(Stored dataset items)
◇ ◇ ◇ ◇ ◇
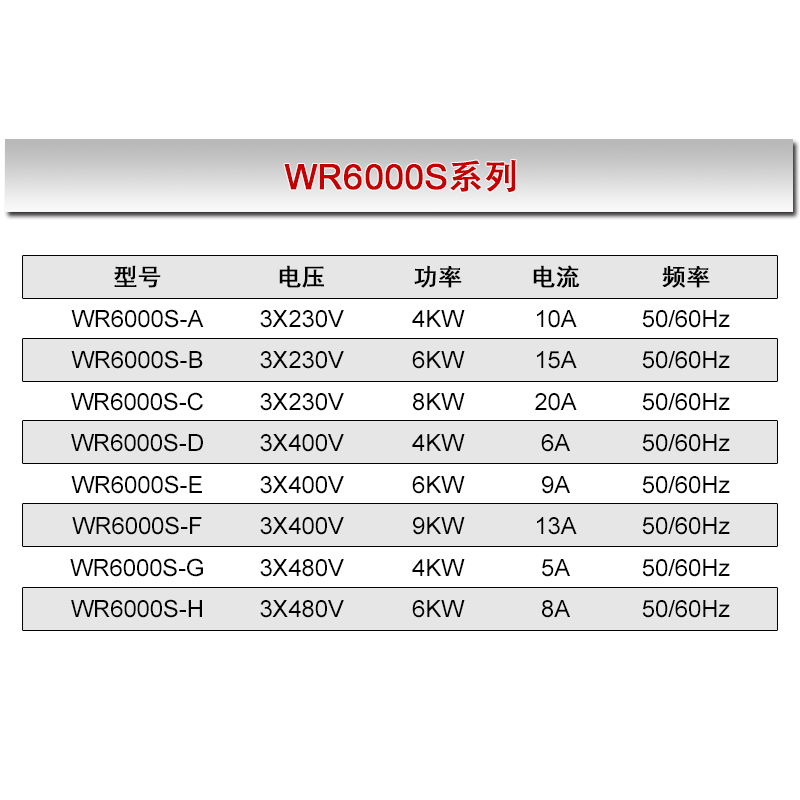 WR6000L 3 * 400V 11KW (without temperature-controlled) WR6000L 3 * 400V 11KW (with temperature-controlled) WR6000L 3
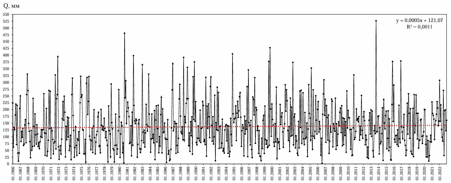 На рисунке 1 приведена динамика изменения месячных сумм осадков за рассматриваемый период на метеостанции в г. Сочи. Месячные значения сумм осадков на графике за рассматриваемый период варьируются от 2 до 525 мм. Минимальное количество атмосферных осадков (2 мм) за весь период наблюдений отмечалось в июле 2006 года. Максимальное количество осадков характерно для конца осени или начала зимы (ноябрь — декабрь). Наблюдается цикличность максимальных пиковых значений с интервалом раз в два года, между которыми количество осадков заметно снижается. Отмечается тенденция уменьшения значений амплитуд месячных осадков между самым сухим месяцем и самым влажным в течение года. Так, с 1966 по 2005 гг. годовая амплитуда варьировалась от 350 до 400 миллиметров, а после 2005 г. амплитуда снизилась до 250–300 мм. В целом, линия тренда, построенная для периода с 1966 по 2022 гг. показывает, отсутствие значимой тенденции в изменении сумм месячных осадков за указанный период.
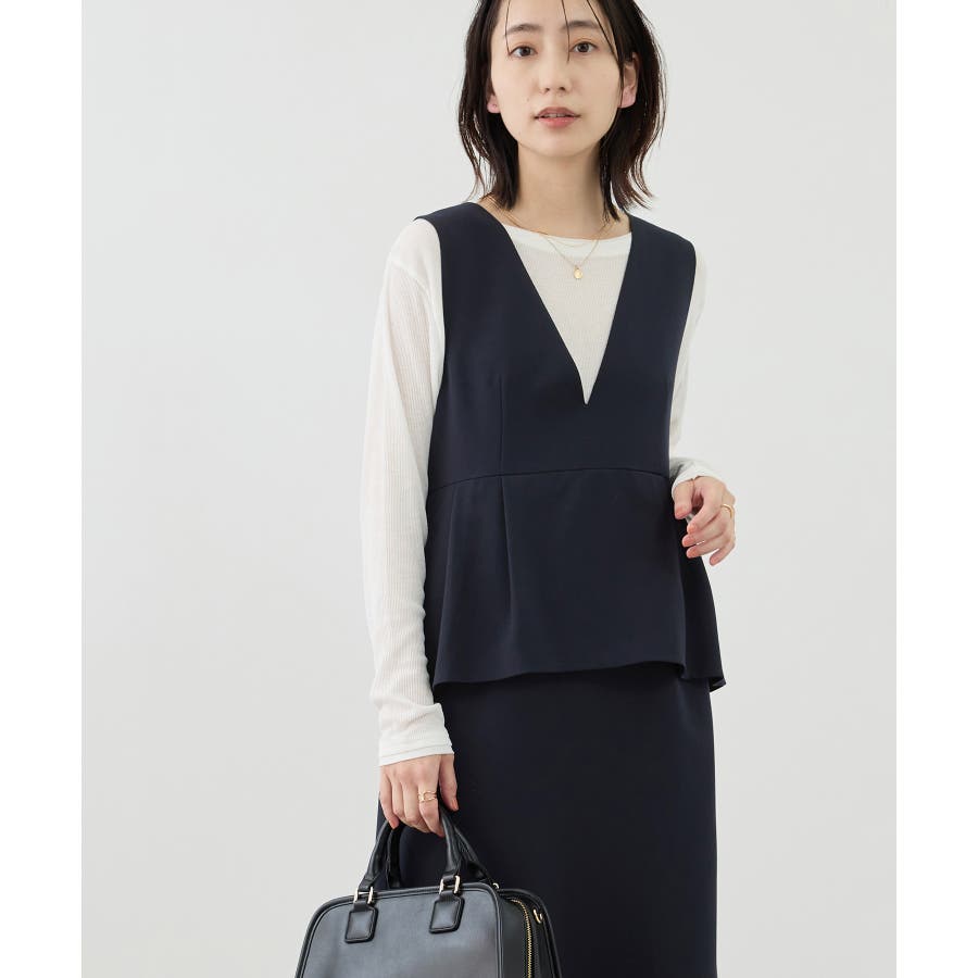 ・深めのVネックが顔まわりを女性らしく見せ、アクセサリーも映えるバランスに仕上げています。
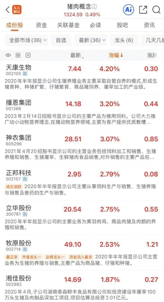 11月24日(周一),猪肉概念多股异动。截至早间收盘,天康生物涨超4%,播恩集团、神农集团涨超3%,正邦科技、立华股份、牧原股份涨超2%,湘佳股份、正虹科技、巨星农牧、东瑞股份等多股涨超1%。
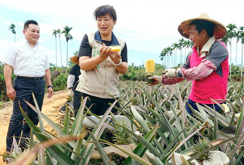 Frida Tsai, chief executive of the Executive Yuan’s Central Taiwan Joint Service Center, center, takes a sliced pineapple from a farmer, right, as local businessman Lo Wen-chin looks on in Nantou County’s Mingjian Township yesterday. With assistance from the center, the township’s pineapples are to be shipped to outlying Lienchiang County’s Matsu Islands.
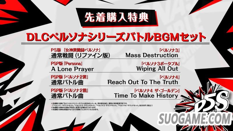 随后游戏在官网上公开了一些截图以及各种特典情报。本作的首发特典为《女神异闻录》历代战斗BGM包;限定版则包含豪华包装盒、设定资料集、手绢、包、原声CD、主题曲花絮影像BD、游戏软件。
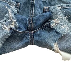 American Eagle Outfitters Distressed Floral Hummingbird Embroidered Hi Rise Festival Raw Hem Denim Jean Shorts
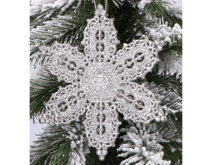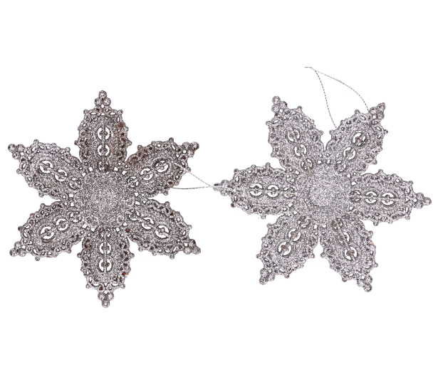 Zawieszki brokatowe na choinkę plastikowe śnieżynki srebrne 2 szt.
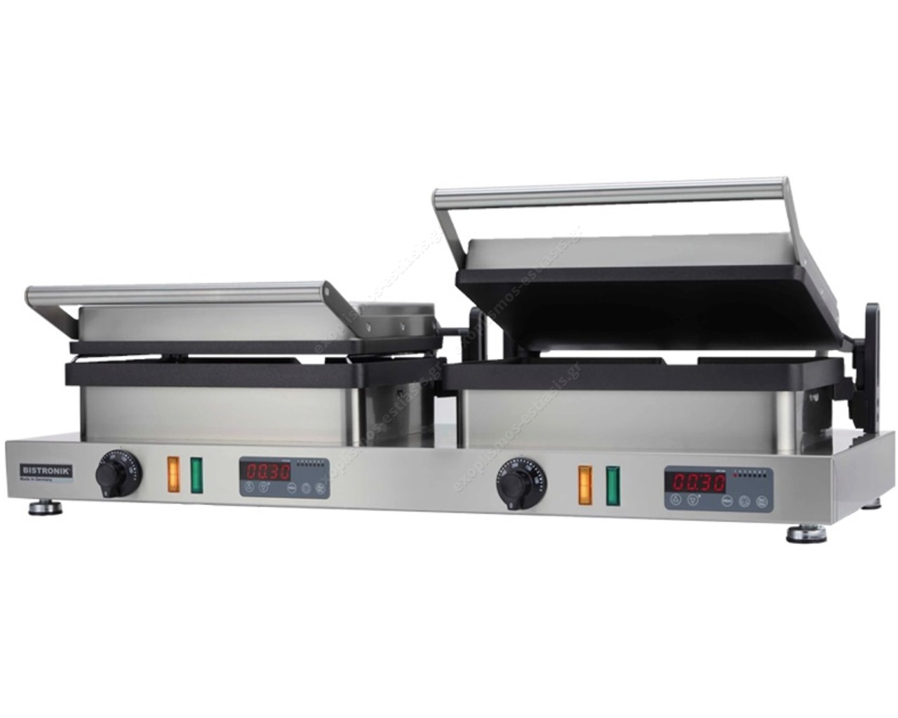 Τοστιέρα διπλή MULTIGRILL E-400 BISTRONIK. Τα multigrill BISTRONIK κατασκευάζονται στη Γερμανία και αποτελούν το απαραίτητο εργαλείο κάθε επαγγελματία που δραστηριοποιείται στο χώρο της εστίασης. Ψήνουν σε απίστευτους χρόνους και με ξεχωριστή ποιότητα, αξιοποιώντας και τις δύο θερμαινόμενες πλάκες. Καλύπτουν με μεγάλη ευκολία κάθε ανάγκη σε πρωινά και brunch (ομελέτες, αυγά μάτια, pancakes, μπέικον κτλ.), σε σνακ (τοστ, σάντουιτς, κλαμπ σάντουιτς, κρέπες, burger κτλ.), σε μερίδες (μπριζόλες, φιλέτα, μπιφτέκια, σουβλάκια, σνίτσελ κτλ) καθώς και σε θαλασσινά και ψάρια (γαρίδες, χταπόδι, φιλέτα ψαριού, ψάρι μερίδας κτλ.). Παράλληλα έχουν τη δυνατότητα να ψήνουν κατευθείαν τα κατεψυγμένα προϊόντα χωρίς ξεπάγωμα.
◇ ◇ ◇ ◇ ◇
- TASK DESCRIPTION:
Using the records above, output their complete text exactly, minus any images.

- OUTPUT FOR THIS EXERCISE:
 WR6000L 3 * 400V 11KW (without temperature-controlled) WR6000L 3 * 400V 11KW (with temperature-controlled) WR6000L 3
 На рисунке 1 приведена динамика изменения месячных сумм осадков за рассматриваемый период на метеостанции в г. Сочи. Месячные значения сумм осадков на графике за рассматриваемый период варьируются от 2 до 525 мм. Минимальное количество атмосферных осадков (2 мм) за весь период наблюдений отмечалось в июле 2006 года. Максимальное количество осадков характерно для конца осени или начала зимы (ноябрь — декабрь). Наблюдается цикличность максимальных пиковых значений с интервалом раз в два года, между которыми количество осадков заметно снижается. Отмечается тенденция уменьшения значений амплитуд месячных осадков между самым сухим месяцем и самым влажным в течение года. Так, с 1966 по 2005 гг. годовая амплитуда варьировалась от 350 до 400 миллиметров, а после 2005 г. амплитуда снизилась до 250–300 мм. В целом, линия тренда, построенная для периода с 1966 по 2022 гг. показывает, отсутствие значимой тенденции в изменении сумм месячных осадков за указанный период.
 ・深めのVネックが顔まわりを女性らしく見せ、アクセサリーも映えるバランスに仕上げています。
 11月24日(周一),猪肉概念多股异动。截至早间收盘,天康生物涨超4%,播恩集团、神农集团涨超3%,正邦科技、立华股份、牧原股份涨超2%,湘佳股份、正虹科技、巨星农牧、东瑞股份等多股涨超1%。
 Frida Tsai, chief executive of the Executive Yuan’s Central Taiwan Joint Service Center, center, takes a sliced pineapple from a farmer, right, as local businessman Lo Wen-chin looks on in Nantou County’s Mingjian Township yesterday. With assistance from the center, the township’s pineapples are to be shipped to outlying Lienchiang County’s Matsu Islands.
 随后游戏在官网上公开了一些截图以及各种特典情报。本作的首发特典为《女神异闻录》历代战斗BGM包;限定版则包含豪华包装盒、设定资料集、手绢、包、原声CD、主题曲花絮影像BD、游戏软件。
 American Eagle Outfitters Distressed Floral Hummingbird Embroidered Hi Rise Festival Raw Hem Denim Jean Shorts
 Zawieszki brokatowe na choinkę plastikowe śnieżynki srebrne 2 szt.
 Τοστιέρα διπλή MULTIGRILL E-400 BISTRONIK. Τα multigrill BISTRONIK κατασκευάζονται στη Γερμανία και αποτελούν το απαραίτητο εργαλείο κάθε επαγγελματία που δραστηριοποιείται στο χώρο της εστίασης. Ψήνουν σε απίστευτους χρόνους και με ξεχωριστή ποιότητα, αξιοποιώντας και τις δύο θερμαινόμενες πλάκες. Καλύπτουν με μεγάλη ευκολία κάθε ανάγκη σε πρωινά και brunch (ομελέτες, αυγά μάτια, pancakes, μπέικον κτλ.), σε σνακ (τοστ, σάντουιτς, κλαμπ σάντουιτς, κρέπες, burger κτλ.), σε μερίδες (μπριζόλες, φιλέτα, μπιφτέκια, σουβλάκια, σνίτσελ κτλ) καθώς και σε θαλασσινά και ψάρια (γαρίδες, χταπόδι, φιλέτα ψαριού, ψάρι μερίδας κτλ.). Παράλληλα έχουν τη δυνατότητα να ψήνουν κατευθείαν τα κατεψυγμένα προϊόντα χωρίς ξεπάγωμα.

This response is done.